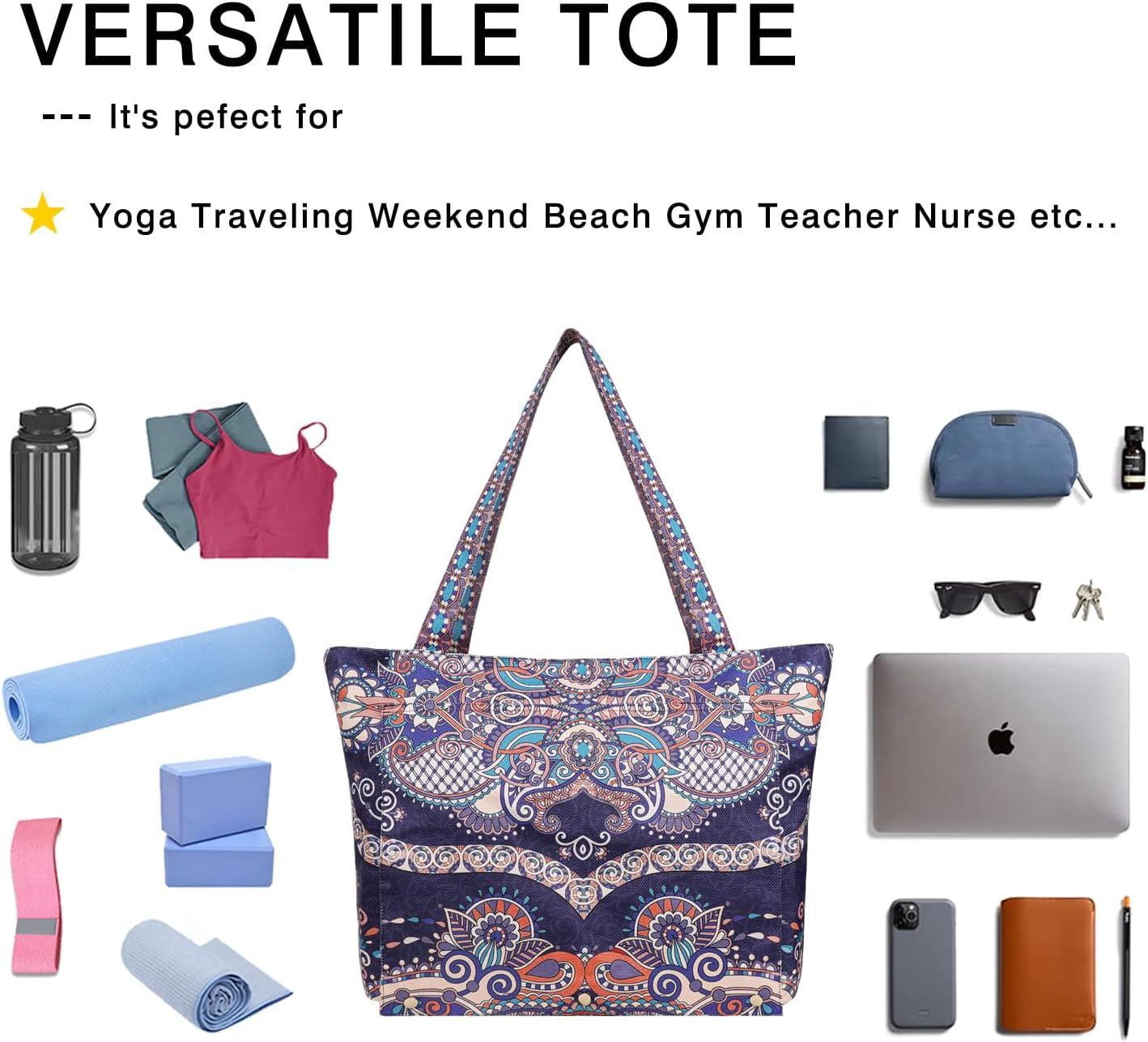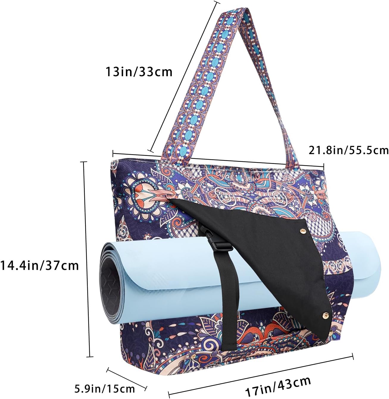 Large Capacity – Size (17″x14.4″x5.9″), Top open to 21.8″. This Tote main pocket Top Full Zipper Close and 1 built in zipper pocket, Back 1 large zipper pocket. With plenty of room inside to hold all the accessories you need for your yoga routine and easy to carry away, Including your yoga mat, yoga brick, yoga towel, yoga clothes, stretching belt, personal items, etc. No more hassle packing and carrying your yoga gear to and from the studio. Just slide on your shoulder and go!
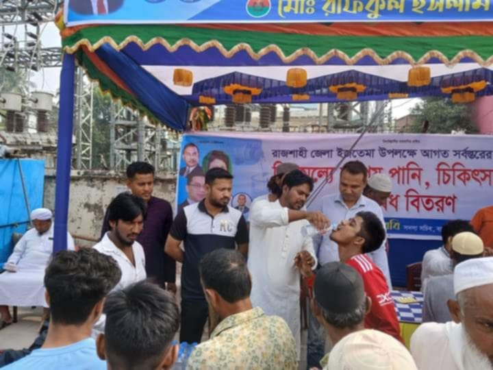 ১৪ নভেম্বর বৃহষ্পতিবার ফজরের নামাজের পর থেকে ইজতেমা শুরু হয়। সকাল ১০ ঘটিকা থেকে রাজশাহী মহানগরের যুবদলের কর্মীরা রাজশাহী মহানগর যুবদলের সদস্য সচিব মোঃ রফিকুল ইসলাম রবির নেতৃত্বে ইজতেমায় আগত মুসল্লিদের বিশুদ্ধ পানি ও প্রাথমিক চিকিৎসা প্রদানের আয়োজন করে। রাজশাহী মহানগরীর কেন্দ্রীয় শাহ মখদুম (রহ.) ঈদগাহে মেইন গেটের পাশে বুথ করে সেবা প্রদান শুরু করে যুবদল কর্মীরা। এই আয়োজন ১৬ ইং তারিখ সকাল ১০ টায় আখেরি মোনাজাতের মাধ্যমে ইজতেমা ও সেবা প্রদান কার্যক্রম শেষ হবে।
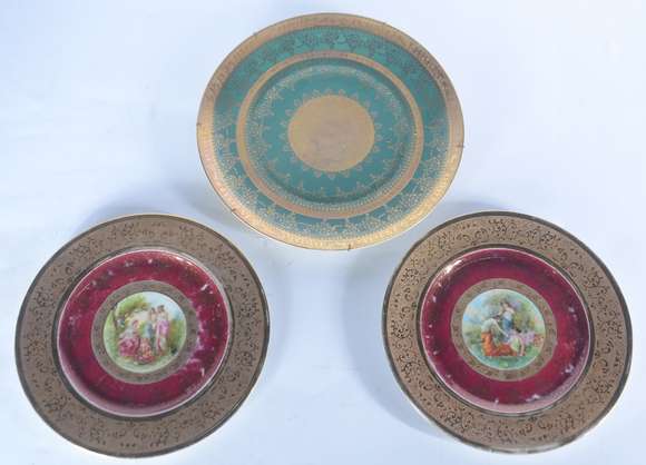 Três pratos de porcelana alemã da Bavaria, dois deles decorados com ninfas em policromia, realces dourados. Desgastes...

---

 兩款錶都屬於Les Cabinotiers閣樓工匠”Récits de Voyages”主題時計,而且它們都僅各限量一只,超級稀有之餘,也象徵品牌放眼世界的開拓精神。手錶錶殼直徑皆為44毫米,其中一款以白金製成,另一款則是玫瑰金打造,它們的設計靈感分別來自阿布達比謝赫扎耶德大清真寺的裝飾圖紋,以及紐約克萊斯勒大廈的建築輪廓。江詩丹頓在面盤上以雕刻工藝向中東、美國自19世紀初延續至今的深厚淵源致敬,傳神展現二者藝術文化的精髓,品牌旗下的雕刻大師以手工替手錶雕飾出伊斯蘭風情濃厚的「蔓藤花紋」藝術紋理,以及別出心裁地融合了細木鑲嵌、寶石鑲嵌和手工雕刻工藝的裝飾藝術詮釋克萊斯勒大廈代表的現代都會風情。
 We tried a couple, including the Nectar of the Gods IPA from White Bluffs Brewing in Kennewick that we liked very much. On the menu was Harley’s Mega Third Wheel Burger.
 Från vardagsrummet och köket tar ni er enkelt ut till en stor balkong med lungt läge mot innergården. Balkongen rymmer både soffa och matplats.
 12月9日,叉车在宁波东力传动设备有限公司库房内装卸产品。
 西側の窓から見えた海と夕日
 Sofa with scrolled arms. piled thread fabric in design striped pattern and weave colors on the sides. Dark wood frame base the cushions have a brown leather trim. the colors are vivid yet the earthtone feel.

> [Exercise directions]:
Once the line with "১৪ নভেম্বর বৃহষ্পতিবার" is found in the data above, reproduce it and each line after it exactly, through the line with "Três pratos de". Omit the pictures.

> [Exercise response]:
 ১৪ নভেম্বর বৃহষ্পতিবার ফজরের নামাজের পর থেকে ইজতেমা শুরু হয়। সকাল ১০ ঘটিকা থেকে রাজশাহী মহানগরের যুবদলের কর্মীরা রাজশাহী মহানগর যুবদলের সদস্য সচিব মোঃ রফিকুল ইসলাম রবির নেতৃত্বে ইজতেমায় আগত মুসল্লিদের বিশুদ্ধ পানি ও প্রাথমিক চিকিৎসা প্রদানের আয়োজন করে। রাজশাহী মহানগরীর কেন্দ্রীয় শাহ মখদুম (রহ.) ঈদগাহে মেইন গেটের পাশে বুথ করে সেবা প্রদান শুরু করে যুবদল কর্মীরা। এই আয়োজন ১৬ ইং তারিখ সকাল ১০ টায় আখেরি মোনাজাতের মাধ্যমে ইজতেমা ও সেবা প্রদান কার্যক্রম শেষ হবে।
 Três pratos de porcelana alemã da Bavaria, dois deles decorados com ninfas em policromia, realces dourados. Desgastes...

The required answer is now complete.